Se trata de un varón de 55 años, sin antecedentes de interés y trabajador del campo (zona de la Albufera), que acudió a urgencias por un cuadro de astenia, mialgias muy intensas, faringitis y fiebre de hasta 39o C de 5 días de evolución. Tenía también parestesias en manos, pies y labios, junto a disfonía e importante disfagia a sólidos y líquidos por la que llevaba 48h de ayuno absoluto. Desde hacía 2 días, observaba que la orina era oscura y refería una clara disminución de la diuresis. La exploración física era anodina, salvo por una faringe hiperémica.
Se solicitó una analítica, en la que destacaba: fracaso renal agudo, hiperbilirrubinemia a expensas de la directa, discreta elevación de GOT, GPT y CK, marcada elevación de la PCR y la VSG, y una plaquetopenia muy severa. La orina era claramente colúrica y destacaba una bacteriuria intensa.
Se solicitó una ecografía, que únicamente describía esplenomegalia homogénea de 14 cm. En el estudio pretransfusional, se observó un Coombs Directo positivo con una panaglutinina por anticuerpo frío (sin anemia hemolítica).

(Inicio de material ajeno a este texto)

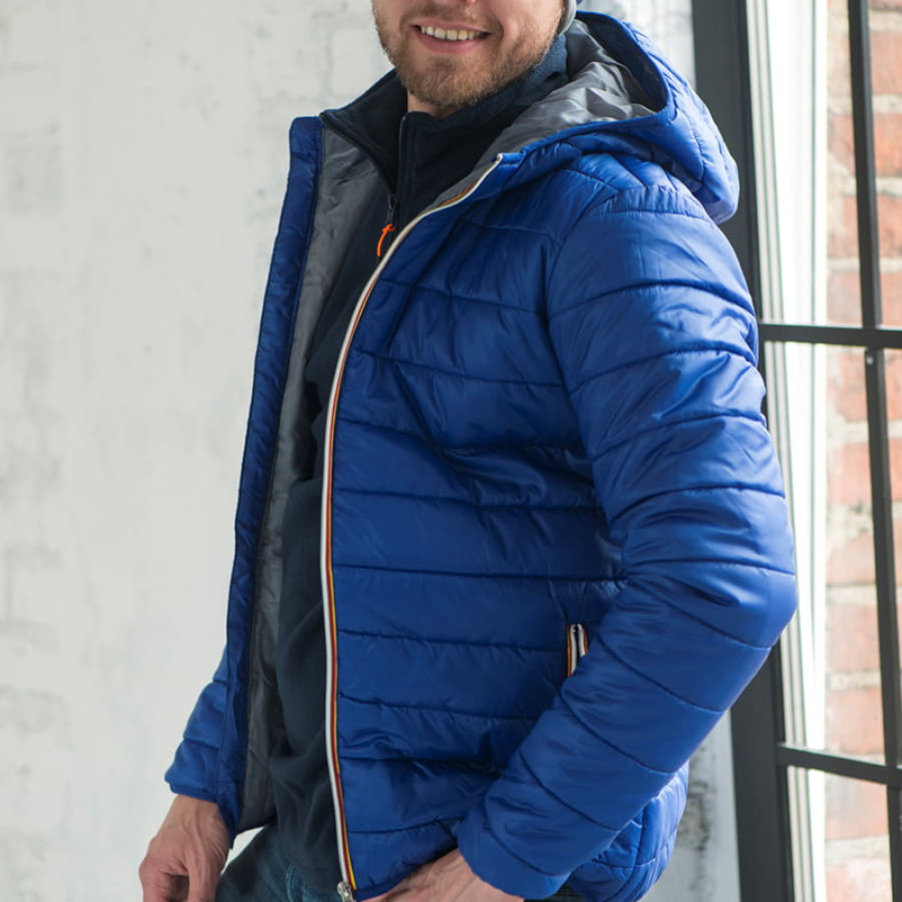 Основная ткань: цвет, близкий к Pantone Reflex Blue U, подкладка: цвет, близкий к Pantone 424 C Мягкая и легкая куртка из нейлона. Контрастная облегченная пластиковая молния со съемным пуллером. Два кармана на молнии. Внутренний карман на липучке. Манжеты рукавов, капюшон и низ куртки обрамлены эластичной резинкой.

En ese momento y ante la sospecha de síndrome infeccioso con disfunción multiorgánica se interroga a la familia, que nos cuentan que el paciente trabaja habitualmente con organofosforados (clorpirifós) con escasa protección y que en los días previos presentaba una inyección conjuntival marcada.
La sospecha de Síndrome de Weil cobra fuerza, solicitando una serología que resultó positiva para Leptospira (IgM +, IgG -) y una determinación de DNA de Leptospira en orina (positiva) y en sangre (negativa), explicado este hecho probablemente por haberse resuelto la fase septicémica (leptospirémica) y estar iniciándose la fase inmune (leptospirúrica) de la misma.

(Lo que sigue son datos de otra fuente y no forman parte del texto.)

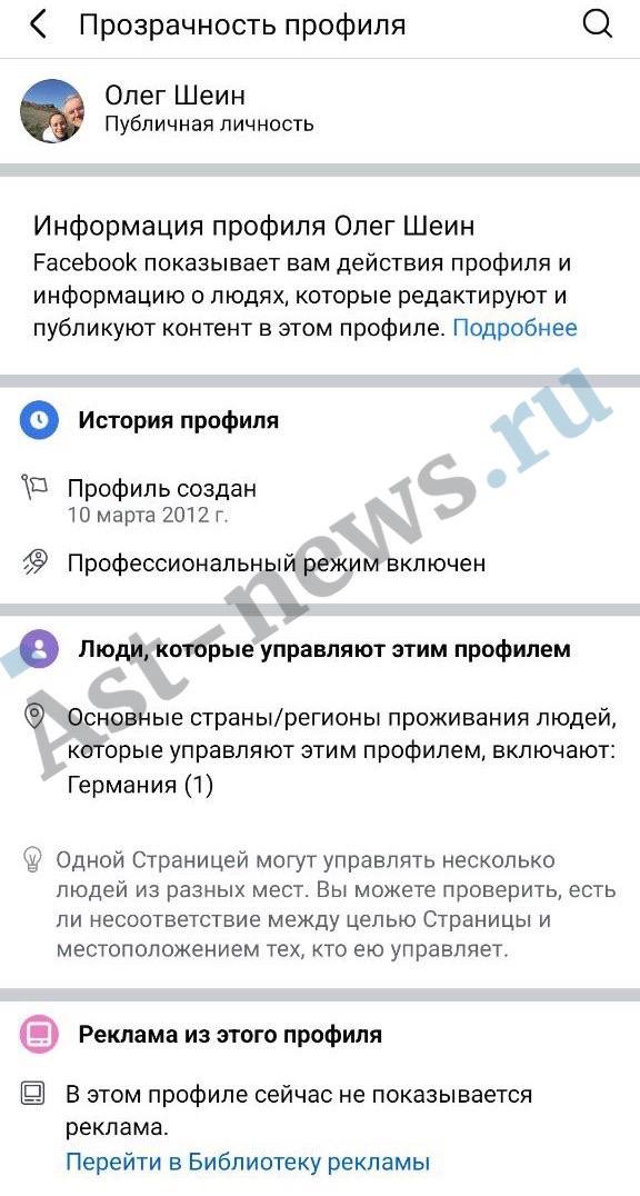 Бывший депутат Думы Астраханской области Олег Шеин* в настоящее время находится на территории Германии, выяснил AST-NEWS.ru. Об этом свидетельствуют данные о «прозрачности профиля» страницы Шеина* в Facebook**: в разделе «Основные страны/регионы проживания людей, которые управляют этим профилем» указано «Германия».

Mientras las manifestaciones secundarias a la leptospiremia se van resolviendo, las parestesias dan paso progresivamente a una parálisis total flácida con arreflexia y progresión de la clínica bulbar, se añade una disnea que precisa intubación y ventilación mecánica en UCI para mantener una correcta ventilación.
Ante la posibilidad de encontrarse ante un Síndrome de Guillain-Barré secundario a la infección se solicita un EMG, con datos neurofisiológicos compatibles con el diagnóstico de polineuropatía/ polirradiculoneuropatía aguda sensitivo-motora sin signos de desmielinización. En este punto se plantea la opción de encontrarse ante una polineuropatía asociada a la exposición a organofosforados (clorpirifós), descrita ampliamente en la literatura. Los niveles de colinesterasa eran normales, descartando esa opción. Pocos días después, la plaquetopenia se recuperó y se realizó una punción lumbar compatible con Guillain-Barré (disociación albúmino-citológica).

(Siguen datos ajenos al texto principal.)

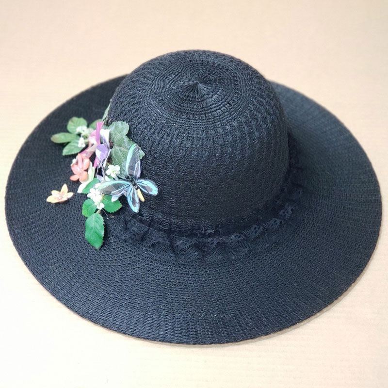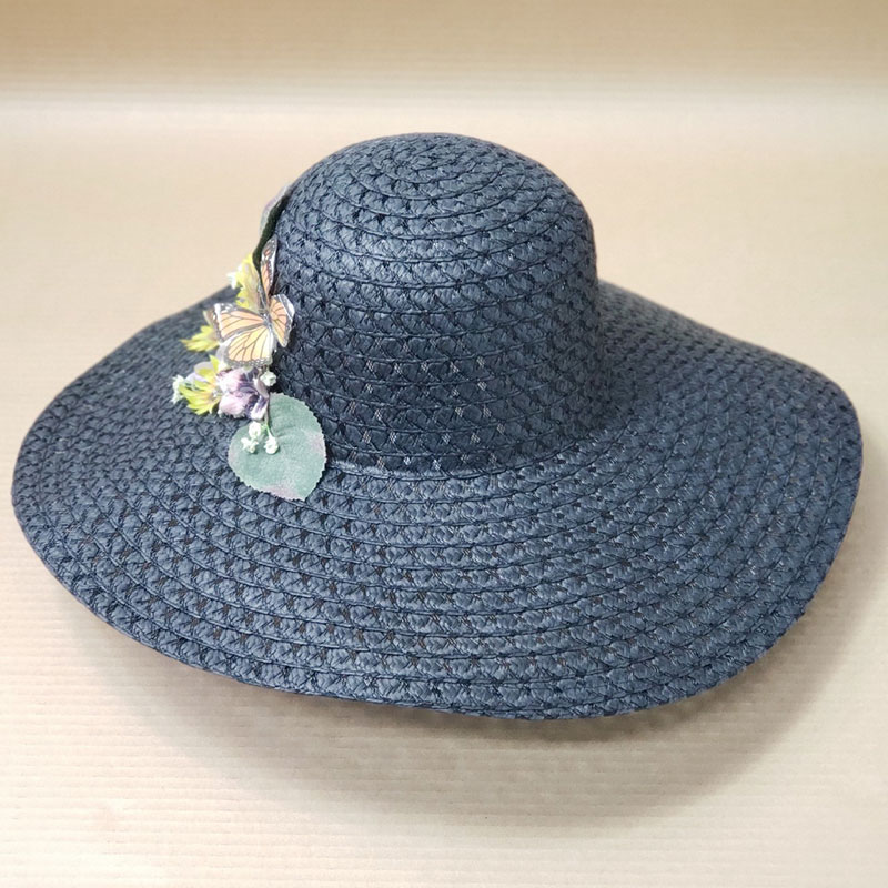 麦わら帽子 ブラック ハンドメイド デコラティブハット クラフト工房 メアリーアン 石黒直子 コレクション ガーデニング ウォーキング 紫外線予防【メール便不可・宅配便配送】

En este momento se revisa la literatura, encontrando que el diagnóstico sindrómico de Guillain-Barré no implica necesariamente desmielinización, sino que su variante más común PIDA (polineuropatía inflamatoria desmielinizante aguda) es lo que clásicamente se conoce como Guillain-Barré, sin embargo, existen variantes menos comunes donde el daño es axonal y no desmielinizante, que habitualmente son más graves y tiene un pronóstico peor, como con el AMAN (neuropatía axonal motora aguda) y el AMSAN (neuropatía axonal sensitivo-motora aguda), siendo este último el subtipo de nuestro paciente. La evolución fue buena y actualmente el paciente ha reanudado su día a día previo a la enfermedad.